Douglas A. McIntyre is the co-founder, chief executive officer and editor in chief of 24/7 Wall St. and 24/7 Tempo. He has held these jobs since 2006.

McIntyre has written thousands of articles for 24/7 Wall St. He is an expert on corporate finance, the automotive industry, media companies and international finance. He has edited articles on national demographics, sports, personal income and travel.

His work has been quoted or mentioned in The New York Times, The Wall Street Journal, Los Angeles Times, The Washington Post, NBC News, Time, The New Yorker, HuffPost USA Today, Business Insider, Yahoo, AOL, MarketWatch, The Atlantic, Bloomberg, New York Post, Chicago Tribune, Forbes, The Guardian and many other major publications. McIntyre has been a guest on CNBC, the BBC and television and radio stations across the country.

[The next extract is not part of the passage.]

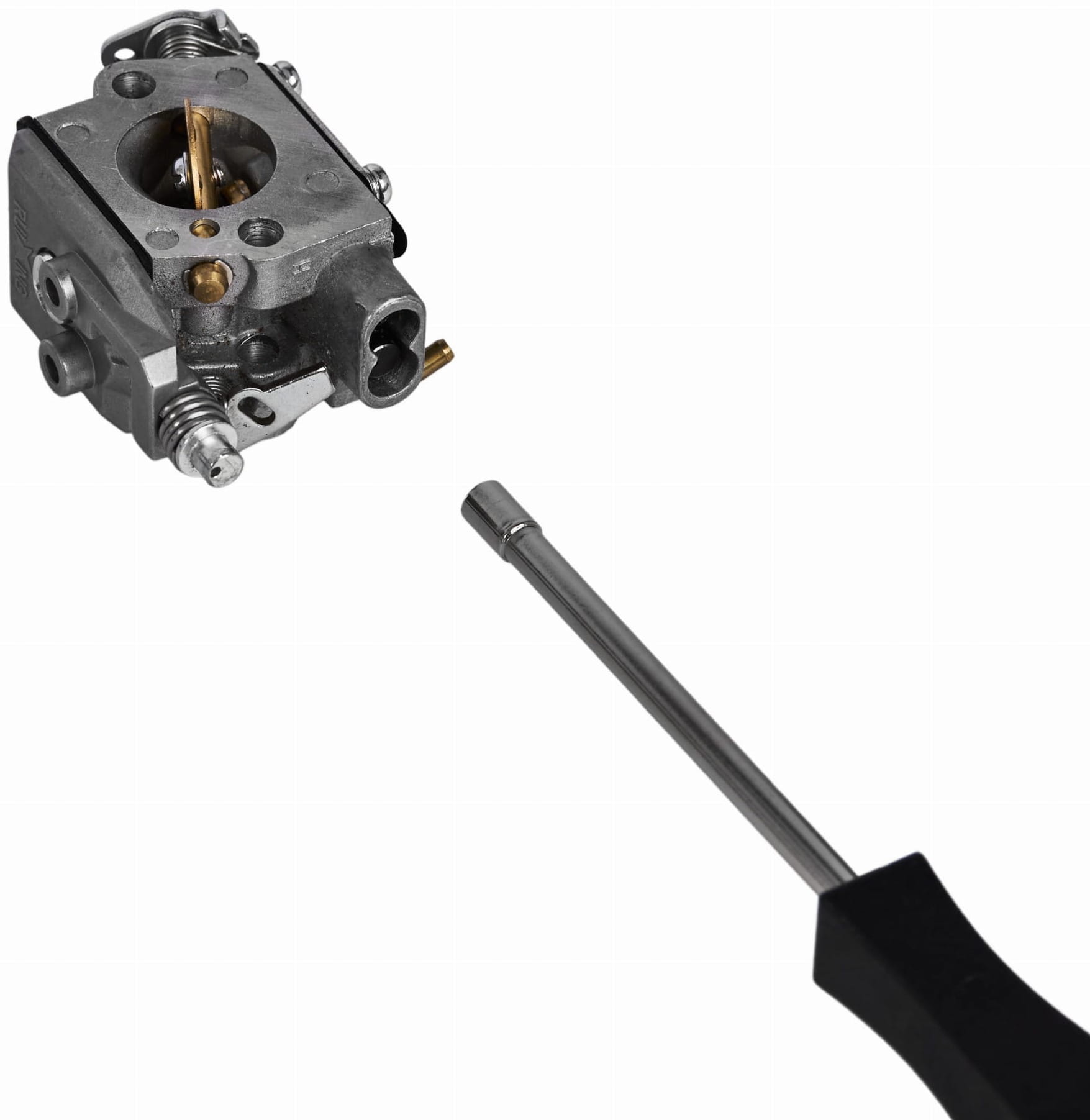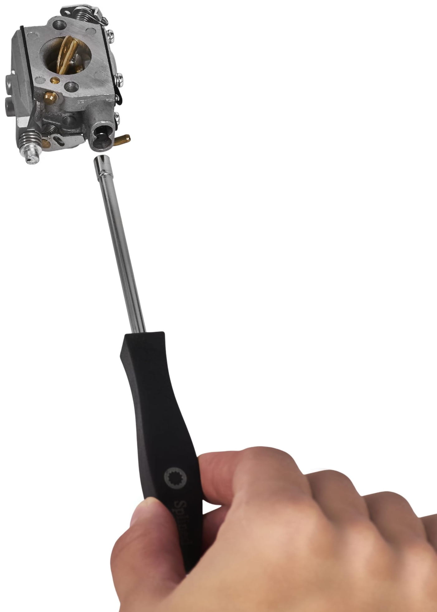 Uchwyt z tworzywa zapewnia izolację elektryczną oraz pewny chwyt podczas precyzyjnych czynności regulacyjnych. Forma rękojeści pozwala na kontrolowane obracanie narzędzia małymi krokami – co jest istotne przy ustawianiu składu mieszanki paliwowej.

A magna cum laude graduate of Harvard College, McIntyre also was president of The Harvard Advocate. Founded in 1866, the Advocate is the oldest college publication in the United States.

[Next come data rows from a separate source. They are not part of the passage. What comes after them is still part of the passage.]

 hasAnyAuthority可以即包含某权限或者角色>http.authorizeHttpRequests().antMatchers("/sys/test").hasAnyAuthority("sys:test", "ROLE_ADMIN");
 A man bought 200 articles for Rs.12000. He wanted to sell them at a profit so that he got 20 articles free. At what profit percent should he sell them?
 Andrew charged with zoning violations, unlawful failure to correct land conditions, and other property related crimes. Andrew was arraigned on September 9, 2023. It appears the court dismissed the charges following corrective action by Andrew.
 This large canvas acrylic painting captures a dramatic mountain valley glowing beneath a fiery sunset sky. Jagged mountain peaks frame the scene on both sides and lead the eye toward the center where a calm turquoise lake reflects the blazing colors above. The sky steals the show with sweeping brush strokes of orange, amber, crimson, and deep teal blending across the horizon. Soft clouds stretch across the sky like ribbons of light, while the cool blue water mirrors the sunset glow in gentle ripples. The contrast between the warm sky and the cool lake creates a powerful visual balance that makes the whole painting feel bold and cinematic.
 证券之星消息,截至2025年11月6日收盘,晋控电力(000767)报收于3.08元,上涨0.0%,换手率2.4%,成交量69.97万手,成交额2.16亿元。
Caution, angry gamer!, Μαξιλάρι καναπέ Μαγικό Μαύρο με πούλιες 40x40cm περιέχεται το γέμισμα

TheStreet.com, Comps.com and Edgar Online are some of the public companies for which McIntyre served on the board of directors. He was a Vicinity Corporation board member when the company was sold to Microsoft in 2002. He served on the audit committees of some of these companies.

McIntyre has been the CEO of FutureSource, a provider of trading terminals and news to commodities and futures traders. He was president of Switchboard, the online phone directory company. He served as chairman and CEO of On2 Technologies, the video compression company that provided video compression software for Adobe’s Flash. Google bought On2 in 2009.